How can agroforestry play an instrumental part in helping coffee farmers emancipate from volatile market prices?
Along with the adoption of new crops, we have seen farmers cut their expenses allocated to pests and diseases management, using smaller, insufficient amounts of fertilizer, whether organic or not, and decreasing the time they spend weeding. Such behaviors can lead to a certain decrease in yields and an increased probability of being affected by diseases. This is something we witnessed in Guatemala, where we’ve been operating since 2014.
This is where agroforestry becomes highly relevant. Not only does it provides environmental resilience to crops, but also, it secures financial backup to farmers, in that it helps them diversify their sources of income and thereby mitigate risks related to the dependence on the export of a single commodity.

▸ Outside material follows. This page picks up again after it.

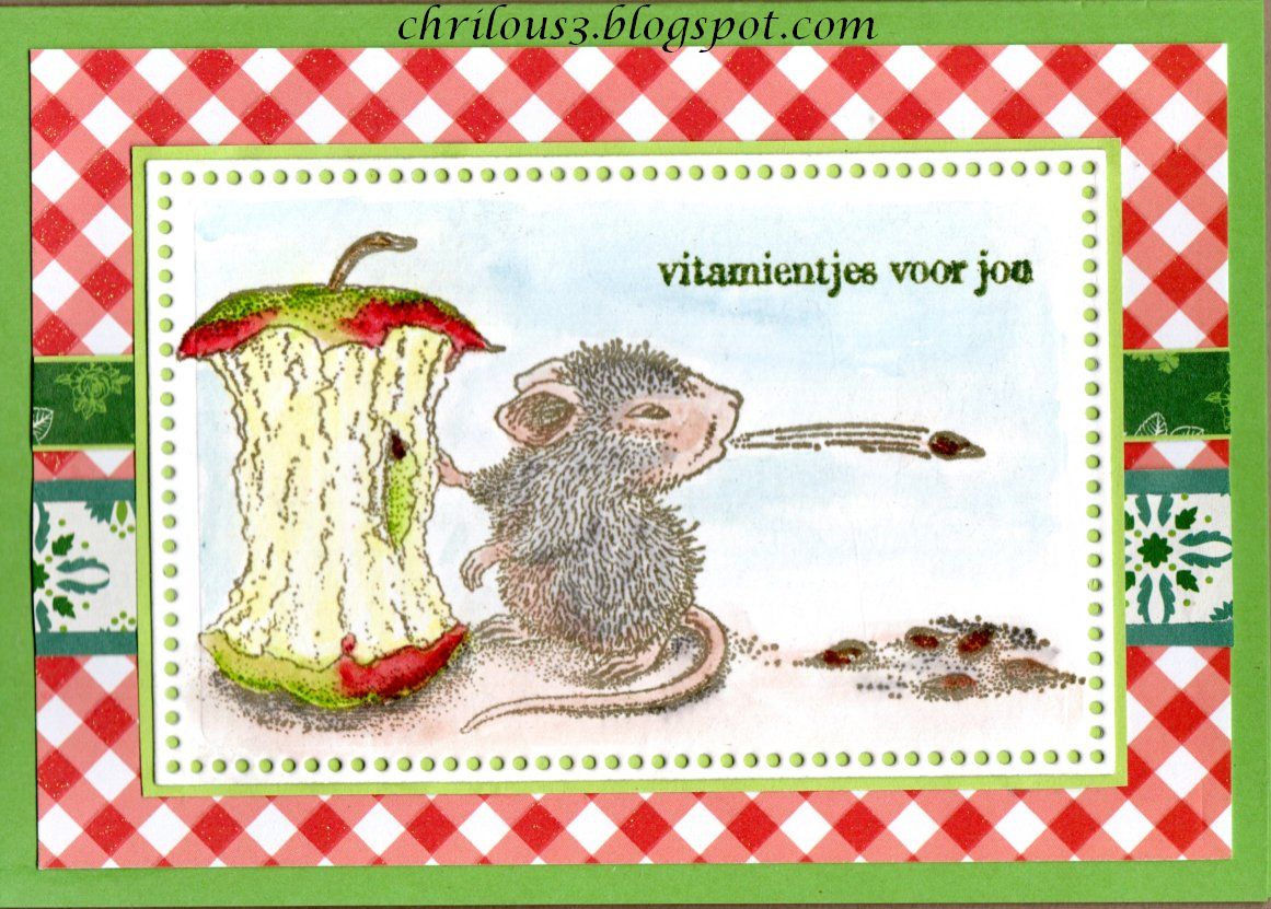 kaart voor de House Mouse & Friends Monday Challenge # 440 "Anything Goes + option of Add Some Sparkle" Ik weet niet of het duidelijk te zien is maar de rode ruitjes hebben een glanzend laagje.

By planting fruit trees for instance, farmers can build alternative revenue streams and adjust their harvest schedule with complementary crops so as to secure continuous income streams all along the year.

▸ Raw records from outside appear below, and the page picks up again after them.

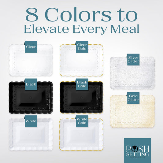 Posh Setting - Plastic Trays for Serving Food, Glitter Gold Serving Trays for Party, Plastic Serving Trays, Serving Dishes for Parties, Plastic Platters & Food Trays for Party, Plastic Serveware-9x13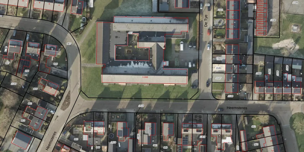 Het perceel waarop De Tye 1-k2 staat heeft een oppervlakte van 5768 m². Dit is een zeer groot perceel. De perceeloppervlakte wordt geregistreerd door het Kadaster. Gedetailleerde informatie over de maten van dit perceel kunt u vinden in het rapport Kadastrale kaart met maatvoering van De Tye 1-k2.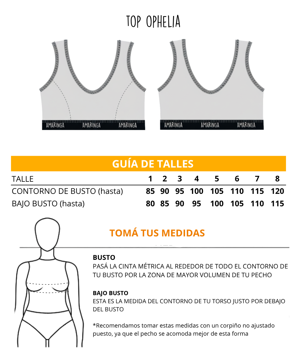 | Nombre | Busto | Bajo busto | Talle |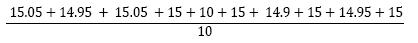 =(15.05+14.95+... +14.95+15)*1/10;

Barbara Bonnet, project coordinator in Central America in charge of handling projects supported by Nespresso, said: “Considering the present situation, the agroforestry project is experienced as a breath of oxygen (no pun intended!). As it happens, the meetings between farmers’ associations and cooperatives have been tensed lately, and mainly revolving around emergency rescue plans with the goal of financing cheaper fertilizers and helping farmers gain access to credits. In the middle of all this, the distribution of tree seedlings in June came as a moment of hope and joy, but also as a moment of sharing between families. Some producers I met even had their whole family participate in the planting in the region of Fraijanes. I could tell that they were feeling truly happy for receiving and planting these trees, because it gave them the opportunity to think over a long-term perspective, but also short-term if you take the case of fruit trees. The project is therefore key to helping farmers hold steady, and the incentive distribution that occured in March and April was particularly welcomed as a way of creating much needed liquidity, even in small amounts.”

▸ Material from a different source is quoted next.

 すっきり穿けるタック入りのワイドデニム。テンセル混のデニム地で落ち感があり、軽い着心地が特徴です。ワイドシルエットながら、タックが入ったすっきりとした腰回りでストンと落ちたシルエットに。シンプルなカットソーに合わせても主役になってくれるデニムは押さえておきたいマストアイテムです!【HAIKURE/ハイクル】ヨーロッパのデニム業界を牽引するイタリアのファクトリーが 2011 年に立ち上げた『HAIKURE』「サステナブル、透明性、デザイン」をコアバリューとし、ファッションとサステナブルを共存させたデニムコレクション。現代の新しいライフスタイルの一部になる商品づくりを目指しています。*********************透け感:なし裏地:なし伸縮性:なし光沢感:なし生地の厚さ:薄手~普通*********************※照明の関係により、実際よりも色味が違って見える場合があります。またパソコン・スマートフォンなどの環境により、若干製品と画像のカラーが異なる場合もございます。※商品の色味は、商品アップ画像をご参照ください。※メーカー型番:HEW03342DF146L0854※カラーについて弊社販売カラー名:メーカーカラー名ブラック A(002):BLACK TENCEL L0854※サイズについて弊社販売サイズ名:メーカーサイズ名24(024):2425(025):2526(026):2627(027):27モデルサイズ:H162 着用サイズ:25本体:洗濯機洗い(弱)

A lot of farmers are drowning in debt and are strongly affected by the erratic fluctuations of the market, which is why sustainable sources of income are more than ever strategic for them. When the weight of debt becomes too strenuous for families, children tend to try crossing the US border hoping for the possibility of a better life. Rural exodus towards the US has increased over the past years, especially among young generations living in countries close to the US border, leading to the risk of workforce shortages for the harvests to come.
In hard times like these, farmers see agroforestry as a way out of the poverty trap, in other words as a way of diversifying and stabilizing their revenues, but also protecting their crops against extreme climatic events, whose frequency has been increasing in South American countries over the past decades. Trees protect coffee plots against heavy rains, droughts or storms, limiting risks of erosion and loss of soil quality thus preventing from yield decrease.
In addition to these environmental benefits, planting trees is a way for farmers to maintain social and family link. To a certain extent, they also represent a bond between generations, a legacy that parents will leave to their children, with a value that is at once environmental, economic and emotional.